Launch templates are a prerequisite for this solution; we still have a number of services using launch configurations.

Scaling

If, during a deployment, the current ASG scales up, the second ASG will always be under-provisioned.

Let’s say we have this timeline:

  1. Within a CloudFormation stack, an ASG has min = 3, max = 10, desired = 3
  2. CloudFormation update starts, and a new ASG created.

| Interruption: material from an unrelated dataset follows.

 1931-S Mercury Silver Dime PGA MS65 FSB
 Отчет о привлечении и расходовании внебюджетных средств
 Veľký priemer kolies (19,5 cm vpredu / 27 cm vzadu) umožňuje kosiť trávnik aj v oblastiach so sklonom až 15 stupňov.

This ASG has capacity 3/10/3 too.
  3. The first ASG scales up, doubling capacity; it is now 3/10/6.
  4. CloudFormation removes the first ASG, leaving one ASG at 3/10/3.

We’re left with a single ASG with capacity 3/10/3. This is under-provisioned (assuming we’re still in an alarm state).

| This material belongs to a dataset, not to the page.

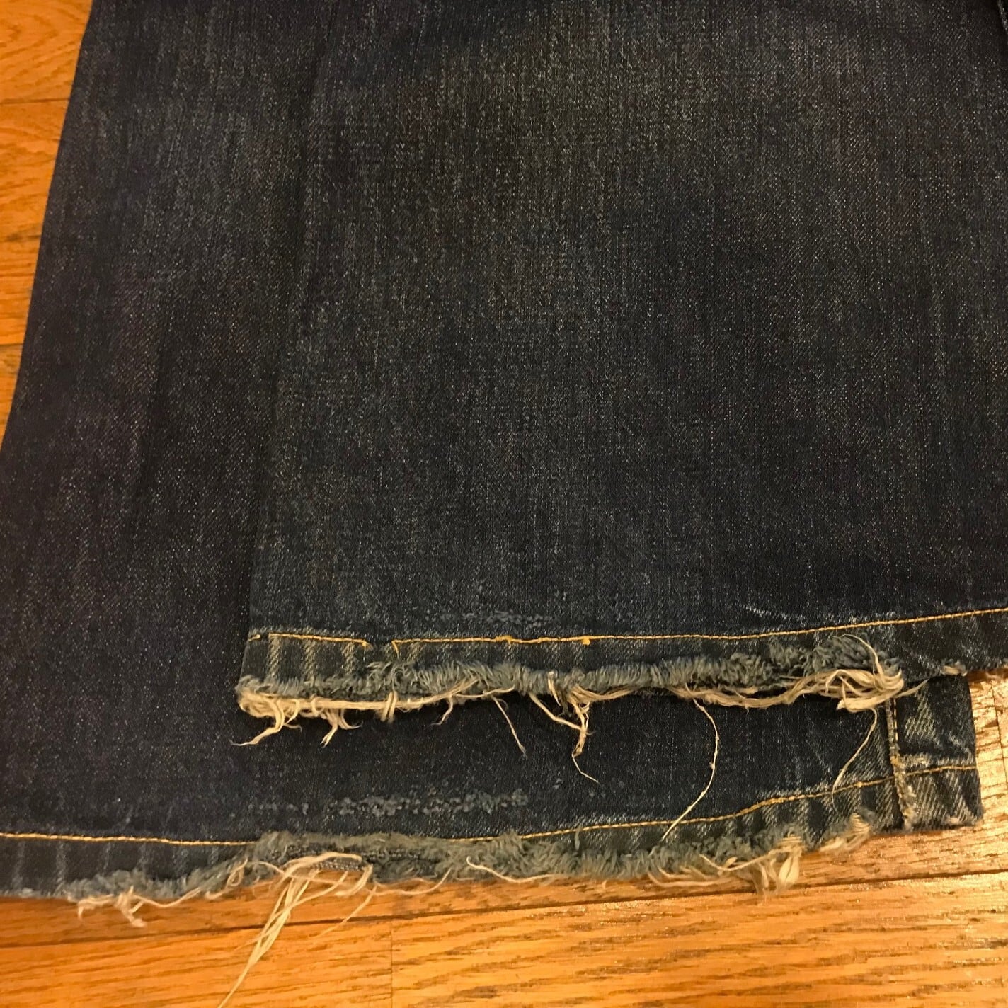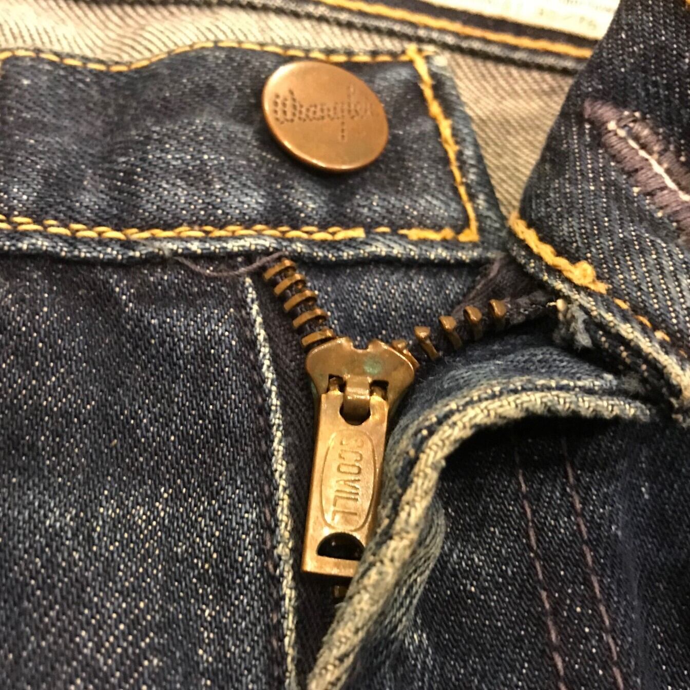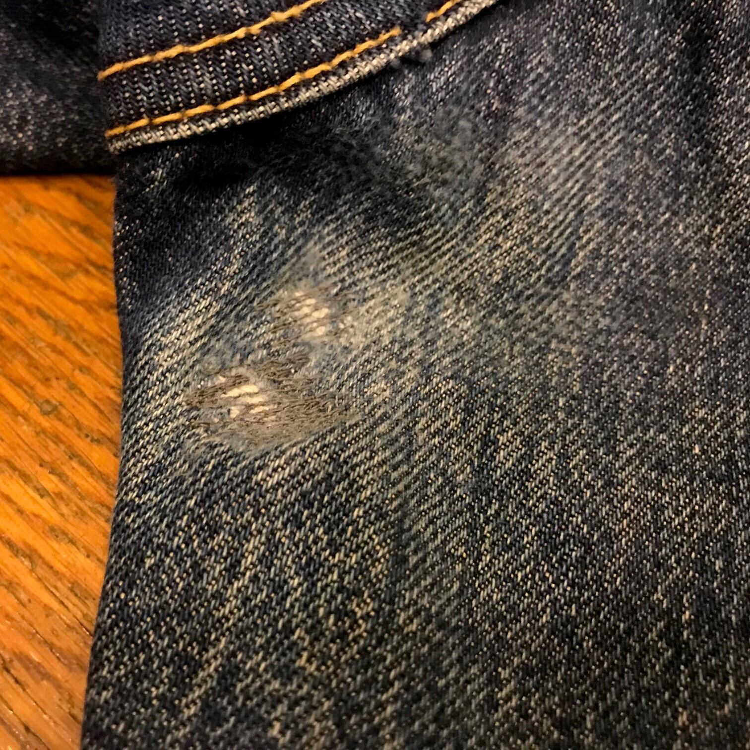 ■コンディション:1.後部両ポケット、他糸切れ箇所があります。 2.裾部分が画像のように擦り切れています。 3.股部分に画像のようなリペア箇所があります。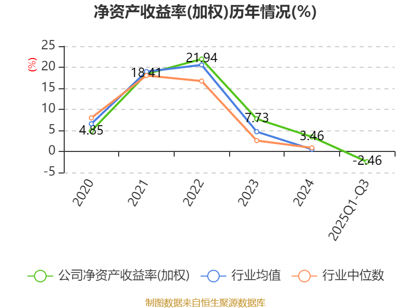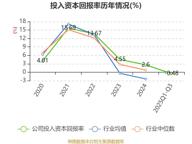 盈利能力方面, 2025年前三季度公司加權(quán)平均凈資產(chǎn)收益率為-2.46%,同比下降3.81個百分點。公司2025年前三季度投入資本回報率為-0.48%,較上年同期下降1.68個百分點。

Indeed, this is confirmed by AWS support:

I think if you want to maintain 6 after update you need to specify the desired capacity to 6 for the update and the old ASG will remove its own 3 and leave you with 6.

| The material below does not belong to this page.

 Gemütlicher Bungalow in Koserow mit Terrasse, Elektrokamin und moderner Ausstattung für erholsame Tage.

AWS recommends doing this by making the scale out alarm more sensitive.

During the meeting we touched on the bases of Auto scaling behavior during "AutoScalingReplacingUpdate", when an alarm is triggered for the old ASG to add capacity while the new ASG maintains the previous desired capacity. I mentioned to you that the old instances should continue to serve all flights requests as per the connection draining, while new connections will be sent to the new instance. Then, if during this time the aggregated CPUUtilization seem to be spiking to the threshold, the alarm attached to the ASG will react to the change, to either add more instances. However, what determines how quick response of the alarm is the number of datapoints and the period of evaluation.

Activity history

With new ASGs created, we lose the ability to use the ASG “Activity History” to, for example, understand why an instance was unexpectedly terminated.

AWS have suggested two alternatives:

  1. Use CloudTrail logs. We’d need to know the ARN of the ASG(s), then join the CloudTrail events.
  2. Use the CLI. Using the describe-scaling-activities command and flag --include-deleted-groups, we’re able to view activity history. We’d need to know the ARN of the ASG(s).

CloudWatch Metrics

Each ASG records metrics to CloudWatch to a namespace based on the ASG name. With multiple ASGs, these metrics will be spread across namespaces. To get a continuous timeline of these metrics, we have to manually join the metrics. How, is yet unanswered.

Security SLAs

A number of our security SLAs come into effect based on the age of an ASG. With each deployment creating a new ASG, these metrics will become nonsensical.

⚠️ We could create some tooling to improve the DX of observing the metrics, activity, etc. of multiple ASGs for a service. We should consider the cost of doing this beforehand though.